TASK DESCRIPTION
When you copy from the entries that follow, take only the lines from the one with "107年全國大專校院運動會(簡稱全大運)" down to the one with "Con base en", keeping both ends and dropping every picture.
:: SUPPLIED MATERIAL ::
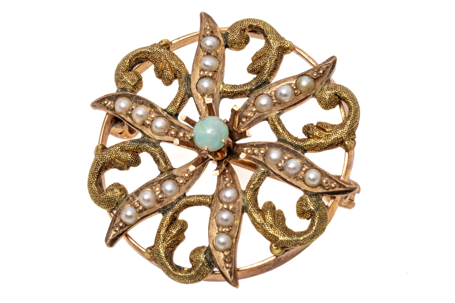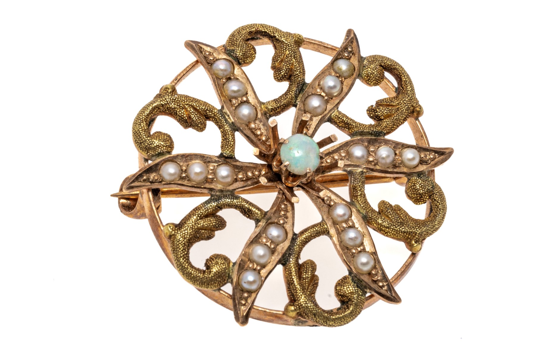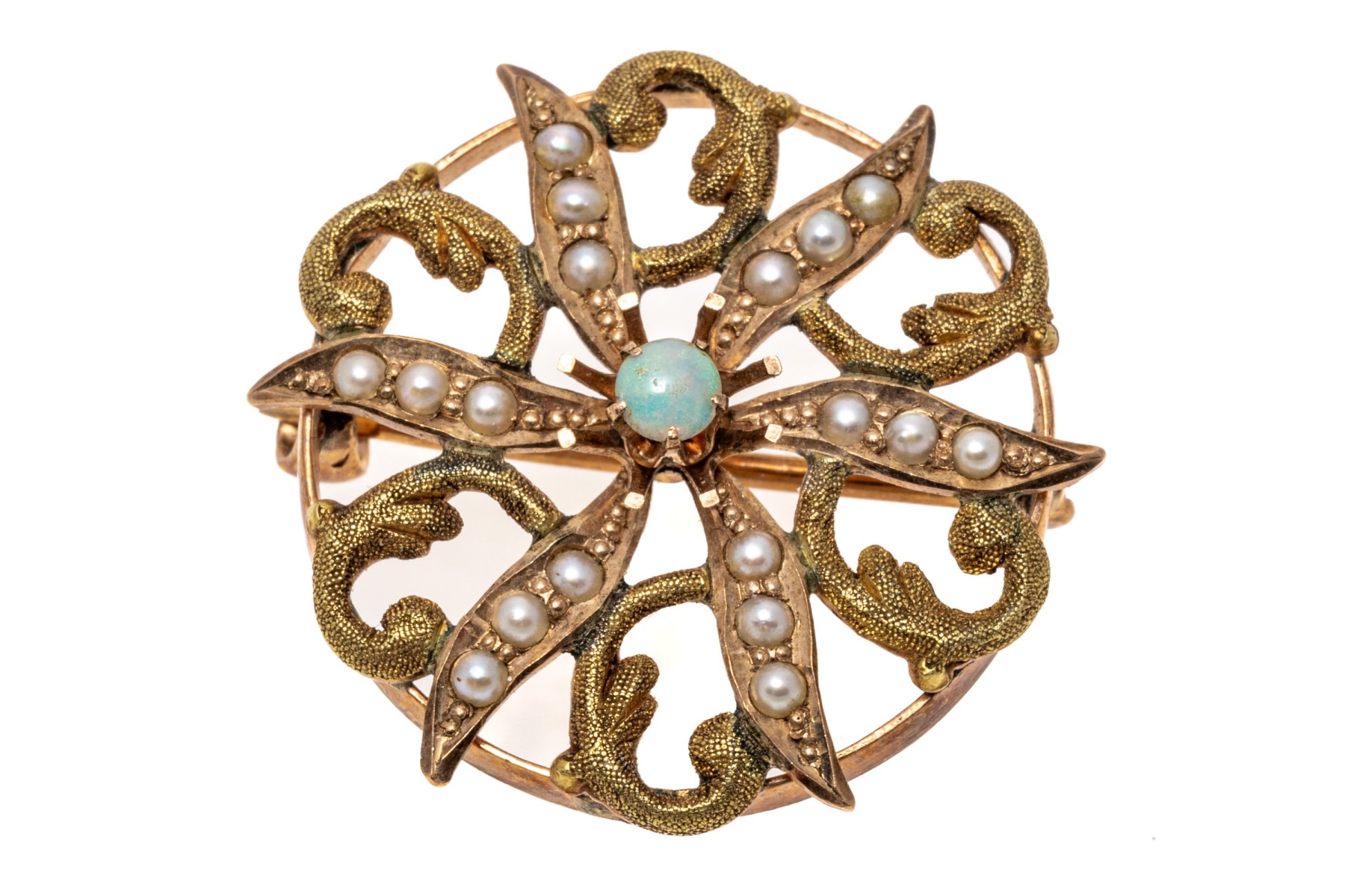 10k yellow gold pretty antique seed pearl and white opal circle brooch
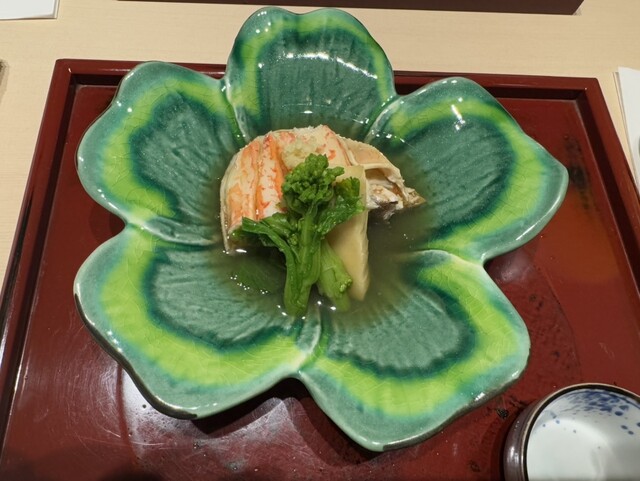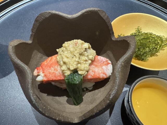 カニ脚の下に、カニの身ほぐしと三つ葉とガリが少し入ってる料理が隠れてたりと、真上からの写真だけではわからない物が・・隠れてる
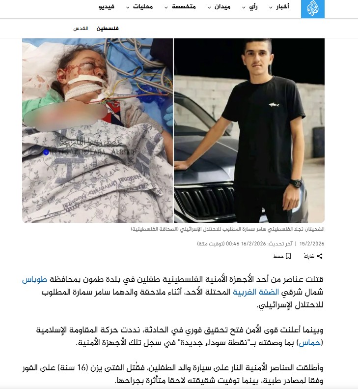 Al-Jazeera said 16‑year‑old Yazan Samer Samara was killed instantly when PA security personnel opened fire at his father’s car.
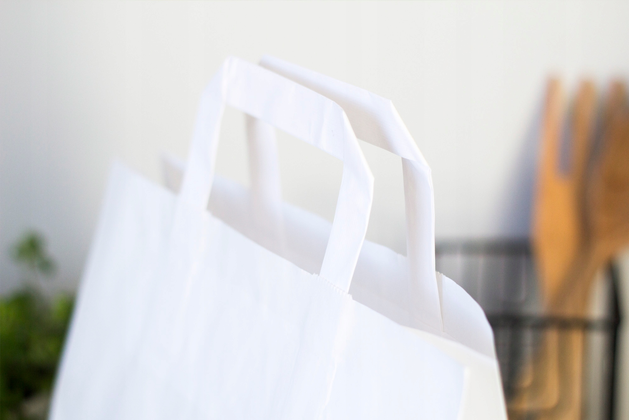 Паперові пакети з плоскими ручками доступні на інших наших аукціонах Allegro у двох стандартних кольорах: білому та коричневому. Коричневий, 70 г/м2, білий - 80 г/м2.
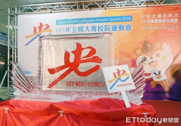 107年全國大專校院運動會(簡稱全大運),將於明年4月28日至5月2日在國立中央大學舉行,不但比賽規模達歷年之最,也是中大睽違30年後再辦,意義非凡!啟動記者會上,由教育部體育署葉丁鵬、桃園市長鄭文燦和國立中央大學校長周景揚以冰雕注酒的方式,共同公布107全大運的logo標誌。
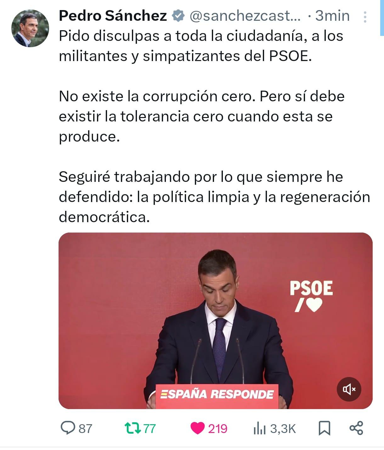 En su comparecencia, Pedro Sánchez ha pedido perdón a la ciudadanía y ha dicho sentirse profundamente decepcionado por una persona en la que confiaba hasta esta mañana. Ha asegurado que fue él quien le pidió a Cerdán que dimitiera y devolviera su acta como diputado nacional, y confía en que dé las explicaciones pertinentes ante la Justicia. Así mismo ha aclarado que no convocará elecciones, pero sí hará una reestructuración de su ejecutiva que se hará pública en julio en el Congreso Federal del PSOE.
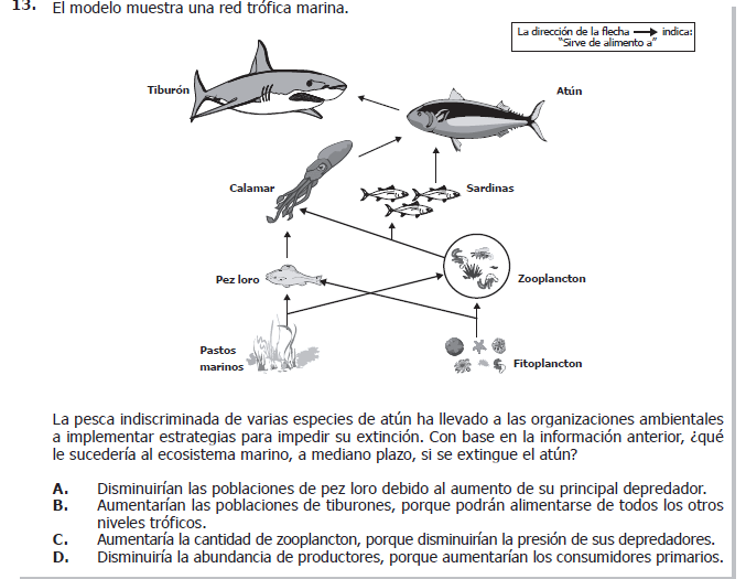 Con base en la información anterior, ¿qué le sucedería al ecosistema marino, a mediano plazo, si se extingue el atún?
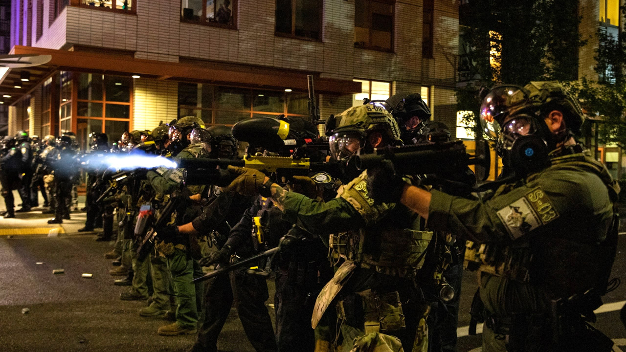 “Officers identified the individual who threw the explosive and attempted to arrest the person. As a group off bike officers attempted to make the arrest they were then assaulted with bottles and rocks. Police deployed pepper spray and blast balls in an attempt to create space between the officers and the protestors.”
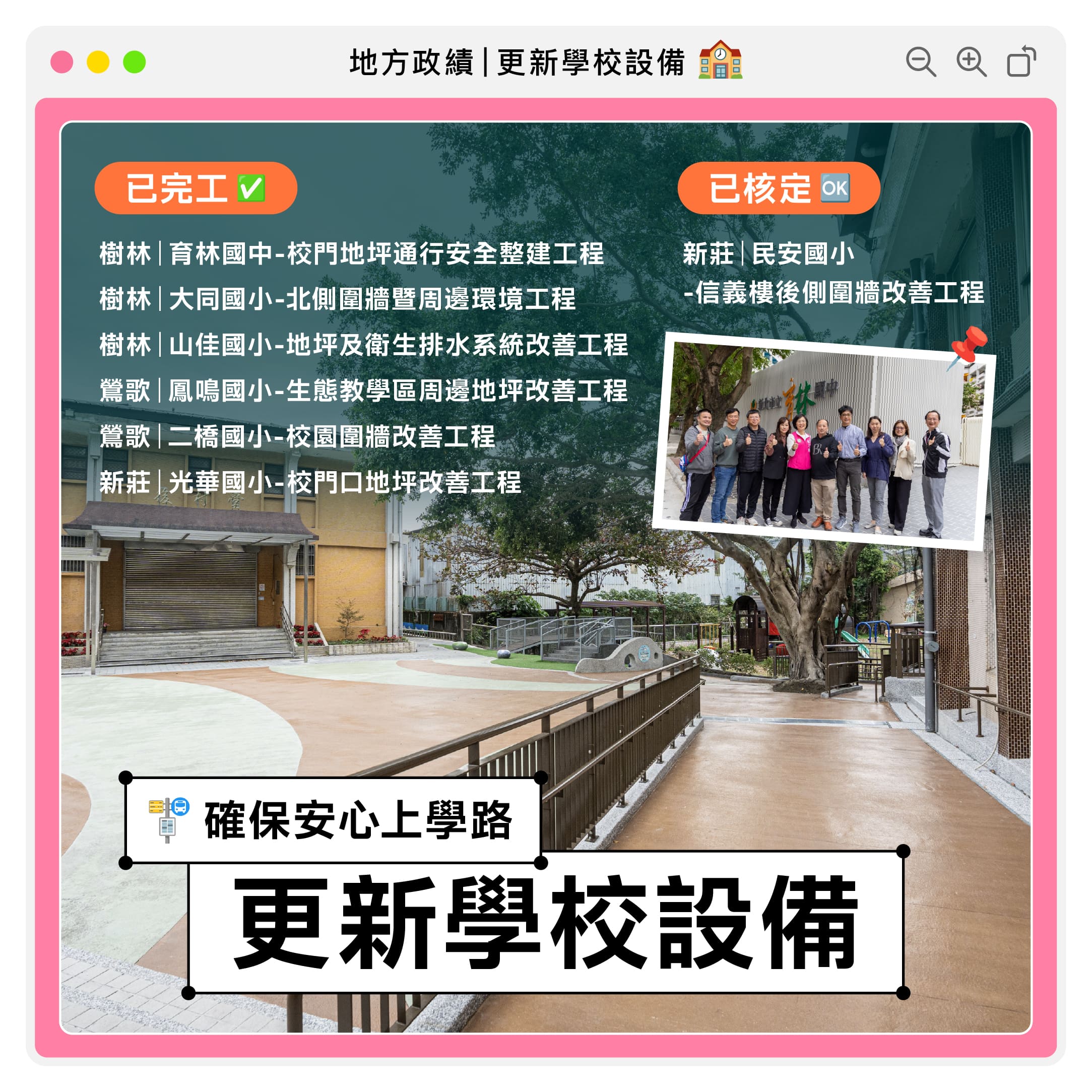 確保安心上學路!打造更優質、更安全的校園環境,讓孩子安心、家長放心。
:::
SOLUTION TO THIS TASK
 107年全國大專校院運動會(簡稱全大運),將於明年4月28日至5月2日在國立中央大學舉行,不但比賽規模達歷年之最,也是中大睽違30年後再辦,意義非凡!啟動記者會上,由教育部體育署葉丁鵬、桃園市長鄭文燦和國立中央大學校長周景揚以冰雕注酒的方式,共同公布107全大運的logo標誌。
 En su comparecencia, Pedro Sánchez ha pedido perdón a la ciudadanía y ha dicho sentirse profundamente decepcionado por una persona en la que confiaba hasta esta mañana. Ha asegurado que fue él quien le pidió a Cerdán que dimitiera y devolviera su acta como diputado nacional, y confía en que dé las explicaciones pertinentes ante la Justicia. Así mismo ha aclarado que no convocará elecciones, pero sí hará una reestructuración de su ejecutiva que se hará pública en julio en el Congreso Federal del PSOE.
 Con base en la información anterior, ¿qué le sucedería al ecosistema marino, a mediano plazo, si se extingue el atún?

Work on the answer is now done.